OOF2: The Manual

Name

XYZ (XYZ) — The "aerodynamic" XYZ convention for specifying an orientation. Rotation by phi about x, then theta about y, then psi about z, brings the crystal axes into coincidence with the lab axes.

Synopsis

XYZ(phi,theta,psi)

Details

  • Base class: Orientation
  • Parameters:

    phi
    Initial rotation about x axis, in degrees. Type: A real number in the range [-180, 180].
    theta
    Second rotation, about y axis, in degrees. Type: A real number in the range [0, 180].
    psi
    Third rotation, about z axis, in degrees. Type: A real number in the range [-180, 180].

Description

An XYZ object represents the orientation of a three dimensional object, assumed to be a crystal, in three dimensional space in terms of Euler angles conventionally denoted \(\phi\), \(\theta\), and \(\psi\). In the XYZ convention, as implied by the name, these represent rotations successively about each axis. Similarly to the Abg Euler angles, these define rotations which take the crystal basis vectors \(\hat{\mathrm{\bf a}}\), \(\hat{\mathrm{\bf b}}\), and \(\hat{\mathrm{\bf c}}\) into coincidence with the lab (or screen) basis vectors \(\hat{\mathrm{\bf x}}\), \(\hat{\mathrm{\bf y}}\), and \(\hat{\mathrm{\bf z}}\), respectively. The first rotation, associated with \(\phi\), is about the initial crystalline \(\hat{\mathrm{\bf a}}\) axis, the second by \(\theta\) about the rotated crystalline \(\hat{\mathrm{\bf b}}\) axis, and the third by \(\psi\) about the doubly-rotated crystalline \(\hat{\mathrm{\bf c}}\) axis.

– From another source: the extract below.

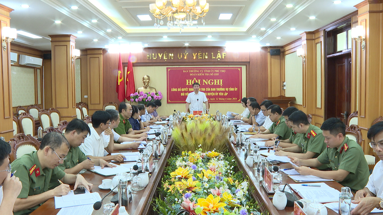 Ngày 12/6, Đoàn kiểm tra của Tỉnh uỷ Phú Thọ do đồng chí Đại tá Nguyễn Minh Tuấn - Uỷ viên BTV Tỉnh uỷ, Bí thư Đảng uỷ, Giám đốc Công an tỉnh làm trưởng đoàn đã làm việc với Huyện uỷ Yên Lập, công bố quyết định kiểm tra việc thực hiện Nghị quyết số 48-NQ/TU ngày 19/7/2021 của Ban Thường vụ Tỉnh ủy về nhiệm vụ bảo vệ an ninh quốc gia, bảo đảm trật tự, an toàn xã hội trên địa bàn huyện Yên Lập; gắn với thực hiện một số nghị quyết, chỉ thị của Trung ương và của tỉnh về bảo vệ an ninh chính trị, giữ gìn trật tự, an toàn xã hội trên địa bàn tỉnh Phú Thọ. Đại diện địa phương làm việc với Đoàn kiểm tra có đồng chí Nguyễn Thị Phương Hạnh, Uỷ viên BCH Đảng bộ tỉnh, Bí thư Huyện uỷ Yên Lập.
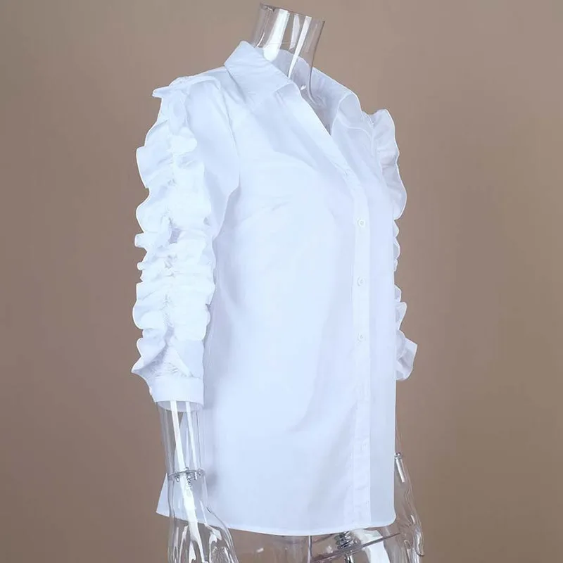 awesome VGH Spring Women Blouse Shirt Top Female Butterfly Sleeve Lapel Slim White Female Plus Size Shirt 2

This rotation scheme is one member of a family of rotation schemes, all of which differ only in the order in which the rotation axes are specified for the successive rotations associated with the Euler angles. The XYZ convention is used in the aerodynamics community, where the angles correspond to the pitch, roll, and yaw of a vehicle. In other conventions, such as X, when \(\theta\) is small, then \(\phi\) and \(\psi\) have similar effects, which can be numerically inconvenient. This convention avoids this feature. The nomenclature comes from the second edition of "Classical Mechanics" by H. Goldstein.